Wer war/ist Ray Brown & The Whispers ? - CDs, Vinyl LPs, DVD und mehr
I've Got No Time
Under the stewardship of Bess Berman, New York's Apollo Records recruited a wealth of fine vocal groups, even though most of them came into the fold and left quickly without scoring a hit. One such aggregation was The Whispers, who cut a solitary single for Apollo in late December of 1949. They were an outgrowth of The Doles Dickens Quintet; bassist Dickens had left Steve Gibson's Red Caps in late '44 and formed his own group the next year, recording for Continental and Super Disc in 1947, Gotham in '49, and Decca in '51. Why they momentarily changed their billing to The Whispers when they recorded for Apollo is unknown.
The airy, jazz-tinged I've Got No Time is a classy effort with a fine lead vocalist and strong backing harmonies that frame him nicely. The mid-tempo flip Your Ever Lovin' Slick was a stop-time blues that found the extroverted lead going it alone without benefit of The Whispers, the sax-fueled combo coming more to the fore. At the same session, The Whispers laid down a quick upbeat musical theme for local deejay Harold Jackson to use on his WLIB-AM program ('1190 on your dial').
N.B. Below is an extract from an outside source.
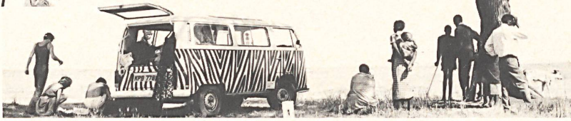
Blouse and skirt in cotton voile and piqué print by Christian Fischbacher Co. Ltd., St. Gall

That appears to be the extent of their Apollo catalog.
These Whispers predated a Baltimore group of the same name led by future Flamingo Terry Johnson that made a pair of singles for Philly's Gotham label in 1955, nor were they related to the Los Angeles soul group of the same name led by twin brothers Walter and Wallace Scott who debuted on Doré Records in 1964 and summarily gained huge stardom in the R&B field during the '70s.